## Description of the task
Set down each entry as it stands. Skip the pictures.
[Given entries — start]
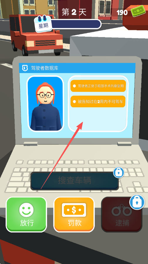 4、车辆停下后,查看驾驶者数据库信息,依据驾驶者违规情况,选择放行罚款或逮捕按钮进行处理,获取金钱或推进游戏进程。
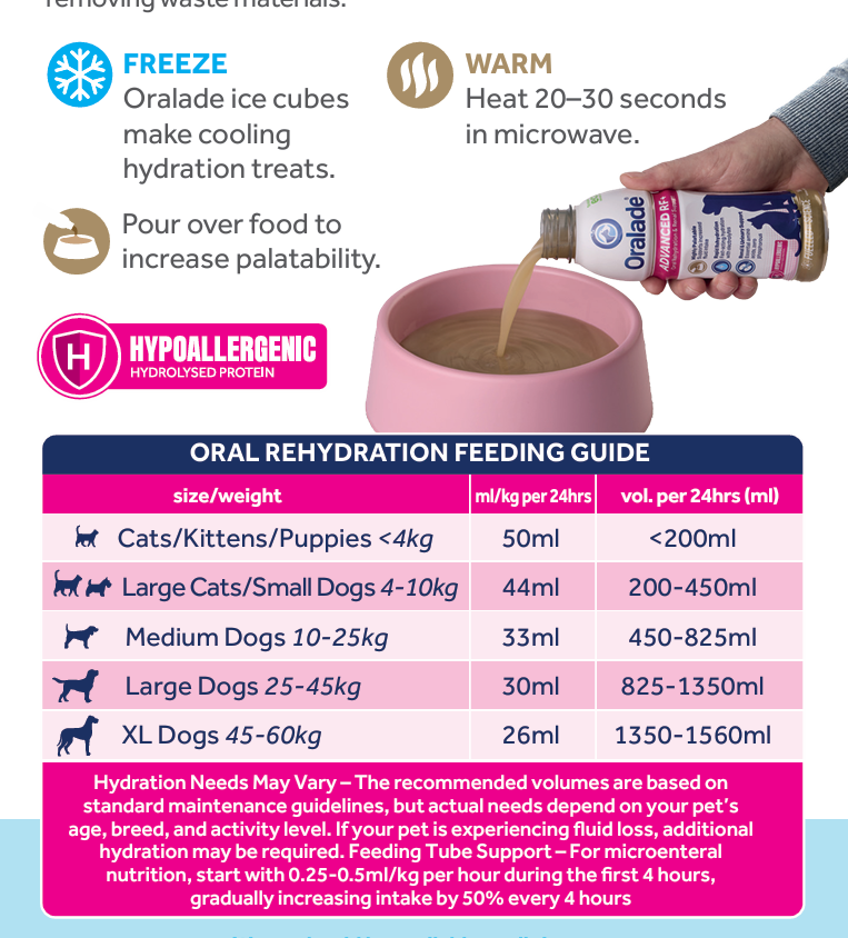 Highly palatable natural chicken flavour – Encourages fluid intake, even when your pet is nauseous or unwell. Taste really matters, and pets love it.
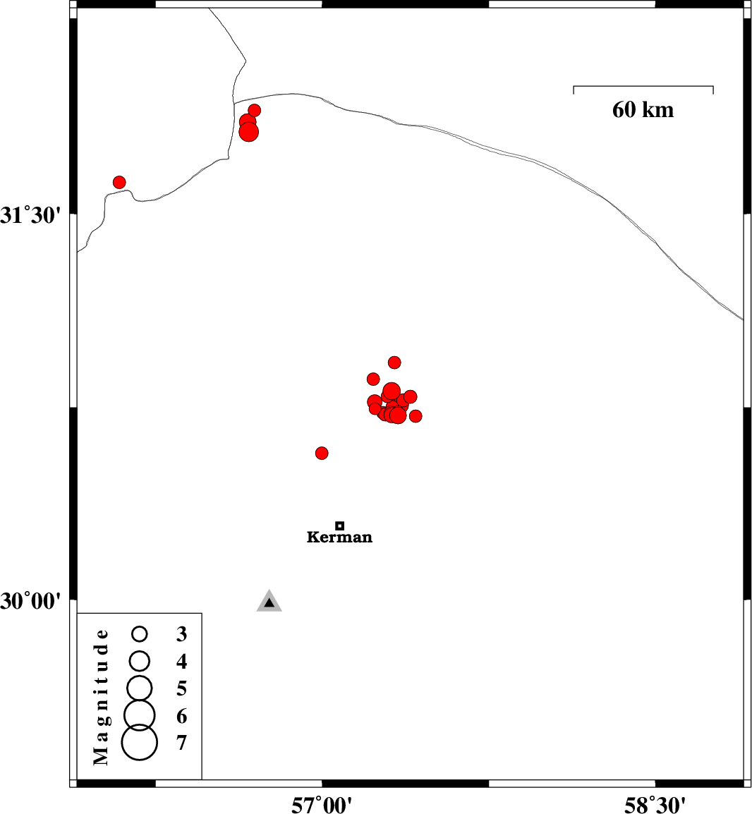 | 2018/01/28 | 05:59:54.8 | 09:29:54.8 | 30.715 | 57.42 | 14 | ML2.5 | Kerman Province, 58 km North-East of Kerman | ||
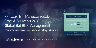 We’re thrilled to announce that Radware Bot Manager has been awarded Frost & Sullivan’s 2018 Global Customer Value Leadership Award… Read more »
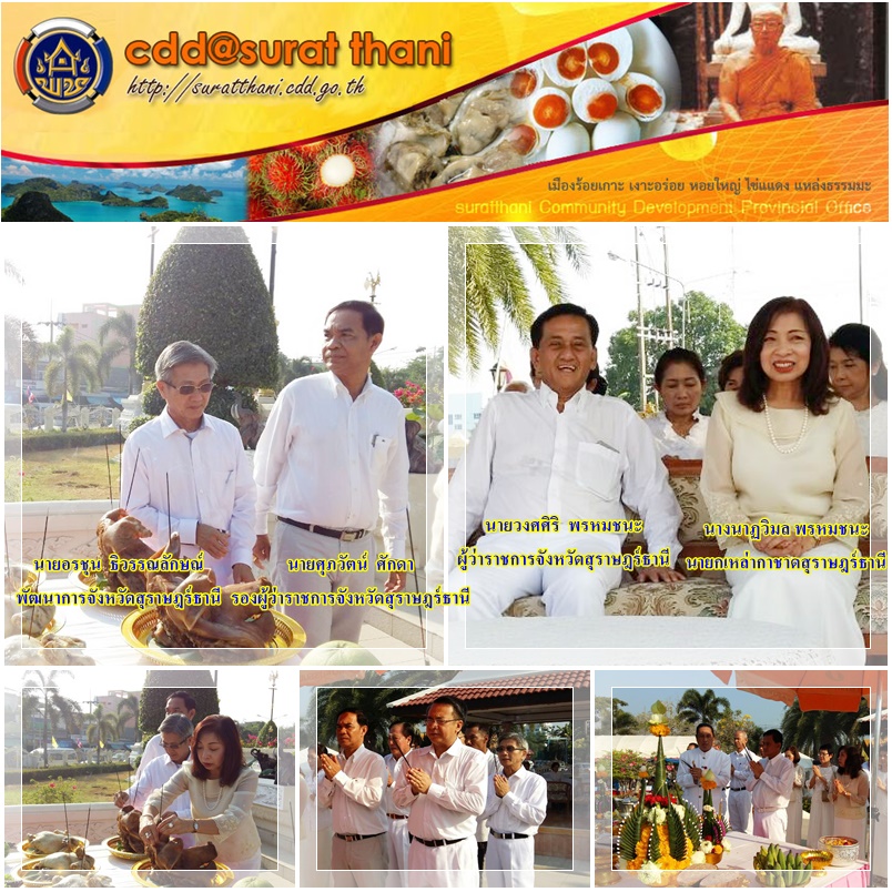 วันนี้ 11 เมษายน 2559 เวลา 08.00 น. นายอรชุน ธิวรรณลักษณ์ พัฒนาการจังหวัดสุราษฎร์ธานี ร่วมพิธีบวงสรวงศาลหลักเมืองสุราษฎร์ธานี เนื่องในงานสมโภชศาลหลักเมืองและกาชาดสุราษฎร์ธานี ประจำปี 2559 ในระหว่างวันที่ 2-11 เมษายน 2559 โดยนายวงศศิริ พรหมชนะ ผู้ว่าราชการจังหวัดสุราษฎร์ธานี เป็นประธานในพิธี ทั้งนี้ยังมีหัวหน้าส่วนราชการ ข้าราชการ พ่อค้าประชาชน นักเรียน นักศึกษา ร่วมพิธีบวงสรวงเพื่อเป็นศิริมงคลร่วมกัน ณ บริเวณศาลหลักเมืองสุราษฎร์ธานี อำเภอเมืองสุราษฎร์ธานี
[Given entries — finish]
## Task solution
 4、车辆停下后,查看驾驶者数据库信息,依据驾驶者违规情况,选择放行罚款或逮捕按钮进行处理,获取金钱或推进游戏进程。
 Highly palatable natural chicken flavour – Encourages fluid intake, even when your pet is nauseous or unwell. Taste really matters, and pets love it.
 | 2018/01/28 | 05:59:54.8 | 09:29:54.8 | 30.715 | 57.42 | 14 | ML2.5 | Kerman Province, 58 km North-East of Kerman | ||
 We’re thrilled to announce that Radware Bot Manager has been awarded Frost & Sullivan’s 2018 Global Customer Value Leadership Award… Read more »
 วันนี้ 11 เมษายน 2559 เวลา 08.00 น. นายอรชุน ธิวรรณลักษณ์ พัฒนาการจังหวัดสุราษฎร์ธานี ร่วมพิธีบวงสรวงศาลหลักเมืองสุราษฎร์ธานี เนื่องในงานสมโภชศาลหลักเมืองและกาชาดสุราษฎร์ธานี ประจำปี 2559 ในระหว่างวันที่ 2-11 เมษายน 2559 โดยนายวงศศิริ พรหมชนะ ผู้ว่าราชการจังหวัดสุราษฎร์ธานี เป็นประธานในพิธี ทั้งนี้ยังมีหัวหน้าส่วนราชการ ข้าราชการ พ่อค้าประชาชน นักเรียน นักศึกษา ร่วมพิธีบวงสรวงเพื่อเป็นศิริมงคลร่วมกัน ณ บริเวณศาลหลักเมืองสุราษฎร์ธานี อำเภอเมืองสุราษฎร์ธานี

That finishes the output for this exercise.